::: The records
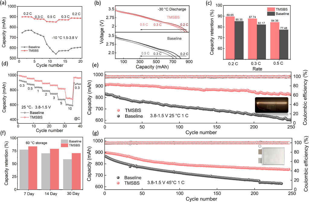 图3. (a)不同电解液的软包NFM/HC电池在−10℃时的倍率性能和(b、c)−30℃时的低温放电性能。(d)25℃下含/不含TMSBS的软包电池的倍率性能和(e)循环性能。(e)图示为软包电池在黑暗中作为电源使LED灯发光。(f)电池在60℃高温储存不同天数后的容量保持率。(g)45℃下含/不含TMSBS的软包电池的倍率性能和循环性能,图示为软包电池的模型。
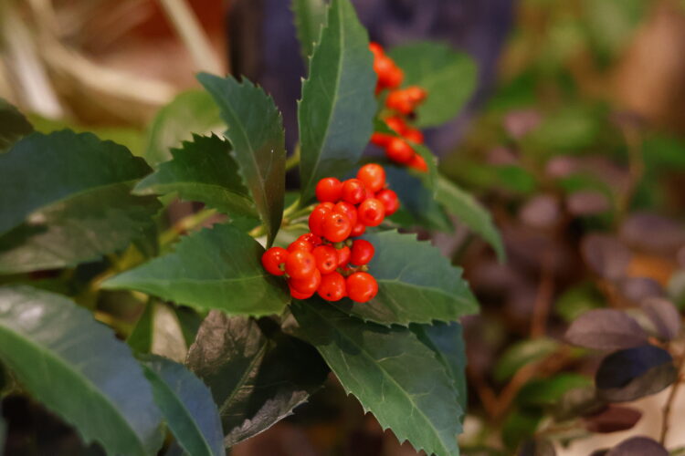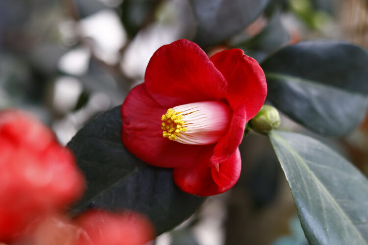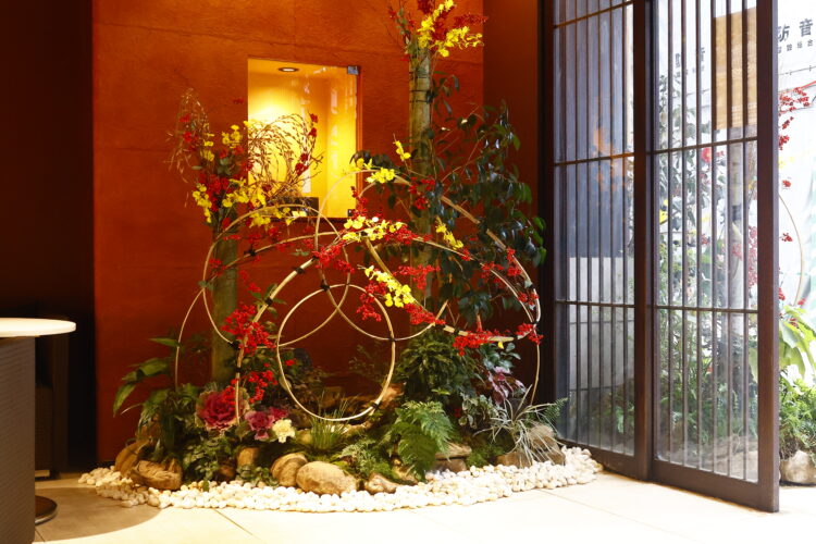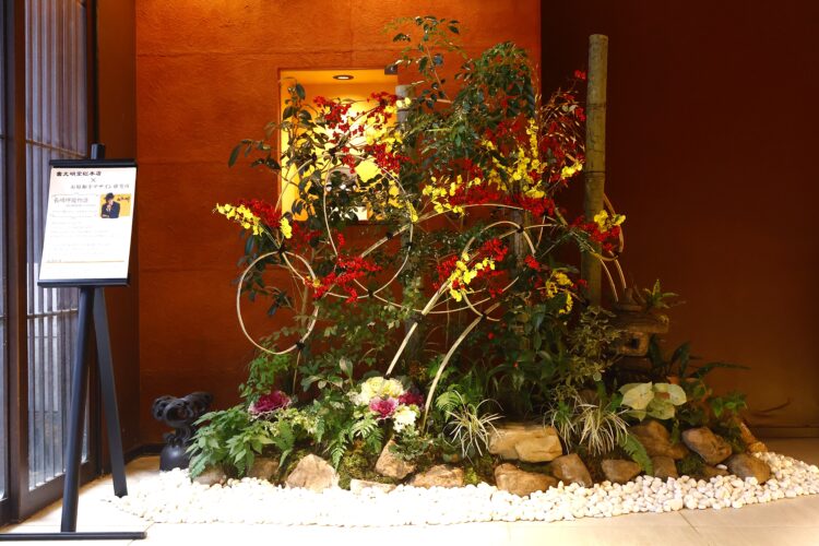 新春の晴れやかなお花や竹細工を残しつつ、お正月が過ぎ、少し落ち着いた雰囲気の坪庭になっています メインの椿も蕾に赤色がのぞきはじめ、これから咲く姿が楽しみです ぜひ、浜町店の坪庭で季節の移ろいを感じてみてください メインの花・・・ハボタン、センリョウ、マンリョウ、ツバキ
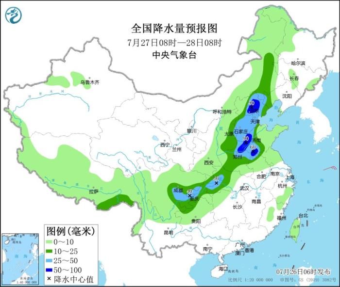 7月27日08時(shí)至28日08時(shí),內(nèi)蒙古東部、華北大部、黃淮、江漢、西南地區(qū)東北部等地部分地區(qū)有中到大雨,其中,河北北部和南部、北京北部、天津北部、山東北部和南部、河南北部和東部、江蘇北部等地部分地區(qū)有暴雨(50~90毫米)(見圖3)。
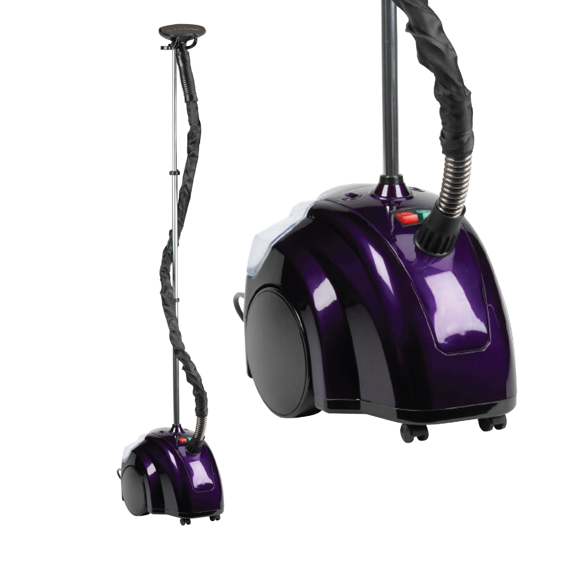 Quick Steam II - Tøj Steamer med 2 hastigheder. Passer til den lille butik. Den har en stor tank på 1,9 liter, som giver op til 1 time non-stop brug. Inkl. plastik mundstykke og børste. Funktioner:– Kan steame tynde stoffer– Plasthoved med aftagelig børste til steaming af fløjl– Synlig vandtank - Let at se vandindholdet. Vandet opvarmes i en kanal i selve steameren. Derfor kan vandet hurtigt opvarmes. Det betyder at kalk aflejres i et rør og skal afkalkes jævnligt. Plastskal på steamer.
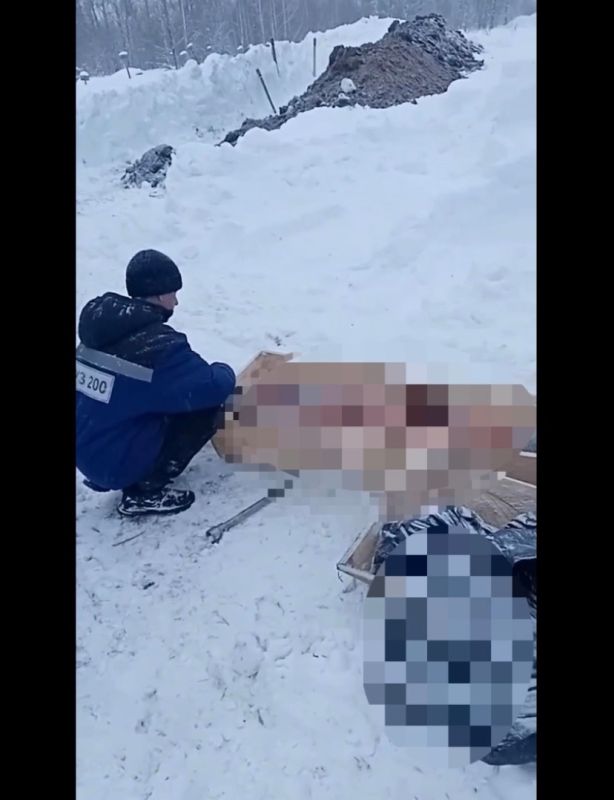 Видео от 17 декабрязапечатлело, как мужчины, одетые в куртки «Груз 200» складывают голые тела в гробы и просто сбрасывают их в траншею. Гробы переворачиваются, ломаются, останки вываливаются из них, но «похоронщиков» это нисколько не волнует. В чёрных мешках в эту же ямы отправляют останки из морга.
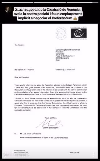 La respuesta de la Comisión, enviada el viernes por su presidente, Gianni Buquicchio, recuerda que tanto el referéndum como cualquier participación de este organismo en su celebración debe hacerse "de acuerdo con las autoridades españolas", algo que Puigdemont interpreta como un emplazamiento al Gobierno central para que negocie.
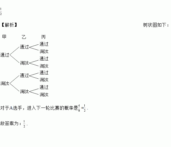 在电视台举办的“超级女生”比赛中,甲乙丙三位评委对选手的综合表现,分别给出“淘汰”或“通过”的结论.比赛规则设定:三位评委中至少有两位评委给出“通过”的结论,那么这位选手才能进入下一轮比赛.试问:对于选手A进入下一轮比赛的概率是_____.
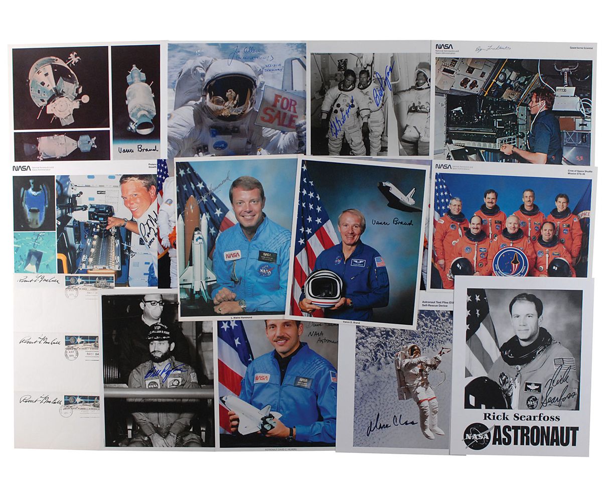Fifteen items, consisting primarily 8 x 10 and 10 x 8 photos, each signed by the associated astronaut(s) or space notable. Signers are: Vance Brand (2), Joe Allen, Bill Pogue, Bill Pogue and Ed Gibson, Dave Hilman, Mark C. Lee, L. Blaine Hammond, Byron K. Lichtenberg, Rick Searfoss, George ‘Pinky’ Nelson, Robert McCall, STS-114 (2, Andrew S. W. Thomas, Charles J. Camarda, and James M. Kelly), and James M. Kelly. In overall fine condition. Accompanied by two unsigned NASA photos and two unsigned press placards.
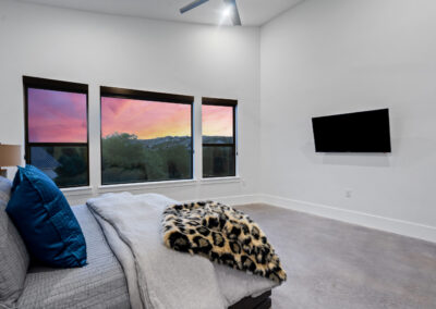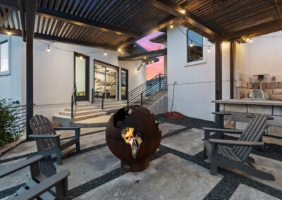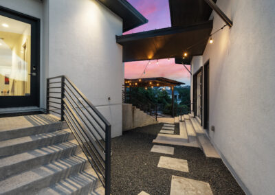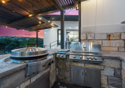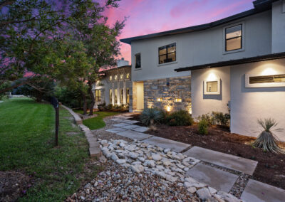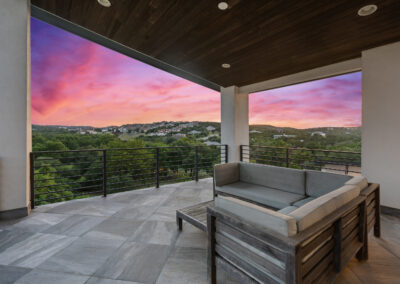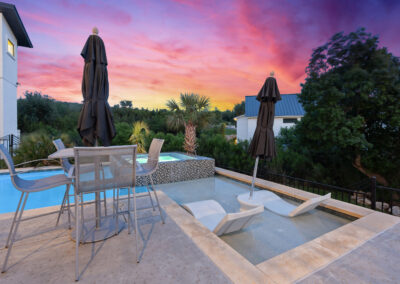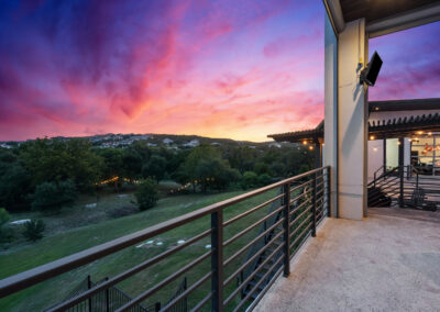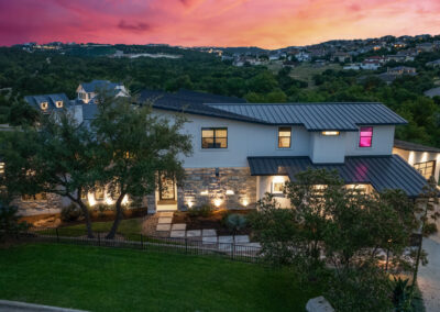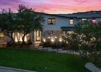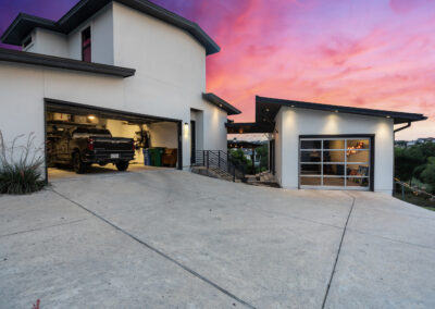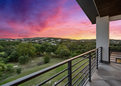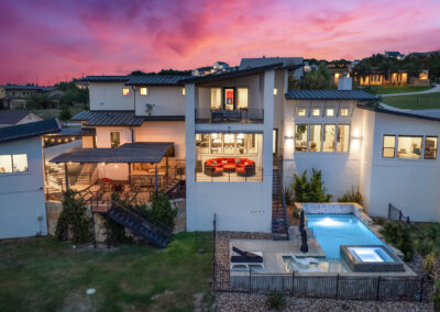 Nestled on one of Creekside at Flintrock premier lots, this luxurious home offers hill country living in one of West Austin’s most desirable areas – Lakeway at Lake Travis. Designed by Marley Porter and built by Trademark Luxury Builders, this residence boasts an expansive open-concept living space, striking ceilings, and a stone-accented fireplace—all framed by breathtaking views. Culinary enthusiasts will revel in the kitchen’s exquisite design complete with elegant cabinetry, marble countertops, and cutting-edge appliances. A dedicated bar area with a wine cellar and walk-in pantry elevates entertaining to a whole new level. The primary suite serves as a wonderful retreat, featuring a modern spa-inspired bath with a generous soaking tub, oversized shower, and dual walk-in closets. The suite is complemented by a sophisticated executive office and coffee bar. Convenient first floor half bath and oversized laundry next to the 2 car garage. A separate 1 car garage provides a 100 sq.ft. studio making for additional work/play space. Upstairs, a third living area beautifully connects three additional bedrooms to a covered balcony. The guest suite has an ensuite bath while bedrooms 2 and 3 share a Jack n Jill bath all with walk in closets. Set on an expansive 1.48-acre parcel, the outdoor living area invites you to a spacious patio, a sparkling pool and spa, a cozy fire pit, and a fully-fenced yard—perfect for outdoor gatherings and soaking in the serenity of this exceptional setting. The street consists of only 10 homes with large lots offering exceptional privacy and tranquil breezes.
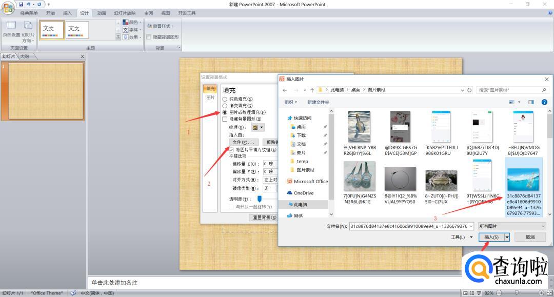 在弹出的对话框中我们点黑【图片或纹理填充】,点击下方的【文件】,在弹出的对话框中找到准备好的素材,再点击插入。
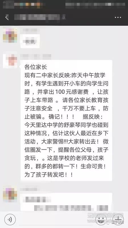 近日,富寧微信朋友圈和微信群有人在大量轉(zhuǎn)發(fā)“各位家長(zhǎng),現(xiàn)有二中家長(zhǎng)反映:昨天中午放學(xué)時(shí),有學(xué)生遇到開(kāi)小車的向?qū)W生問(wèn)路,并拿出100元感謝費(fèi),讓孩子上車帶路。請(qǐng)各位家長(zhǎng)教育孩子注意安全,千萬(wàn)不要上車,防止被騙。確記?。?!據(jù)反映:今天里達(dá)中學(xué)的舒豪琴同學(xué)也碰到這種情況,估計(jì)這伙人最近在鄉(xiāng)下活動(dòng),大家警惕?。?!大家轉(zhuǎn)出去!微信圈發(fā)一下,提醒各位父母,孩子貪玩。這是學(xué)校的老師發(fā)過(guò)來(lái)的,群多的都轉(zhuǎn)一下!生命可貴!為了孩子轉(zhuǎn)發(fā)吧?。?!”的言論。
::::::
• **Exercise instructions**
Write out exactly and only the lines that run from the start of the data above through the line containing "7月27日08時(shí)至", leaving the pictures out.

• **Exercise response**
 图3. (a)不同电解液的软包NFM/HC电池在−10℃时的倍率性能和(b、c)−30℃时的低温放电性能。(d)25℃下含/不含TMSBS的软包电池的倍率性能和(e)循环性能。(e)图示为软包电池在黑暗中作为电源使LED灯发光。(f)电池在60℃高温储存不同天数后的容量保持率。(g)45℃下含/不含TMSBS的软包电池的倍率性能和循环性能,图示为软包电池的模型。
 新春の晴れやかなお花や竹細工を残しつつ、お正月が過ぎ、少し落ち着いた雰囲気の坪庭になっています メインの椿も蕾に赤色がのぞきはじめ、これから咲く姿が楽しみです ぜひ、浜町店の坪庭で季節の移ろいを感じてみてください メインの花・・・ハボタン、センリョウ、マンリョウ、ツバキ
 7月27日08時(shí)至28日08時(shí),內(nèi)蒙古東部、華北大部、黃淮、江漢、西南地區(qū)東北部等地部分地區(qū)有中到大雨,其中,河北北部和南部、北京北部、天津北部、山東北部和南部、河南北部和東部、江蘇北部等地部分地區(qū)有暴雨(50~90毫米)(見圖3)。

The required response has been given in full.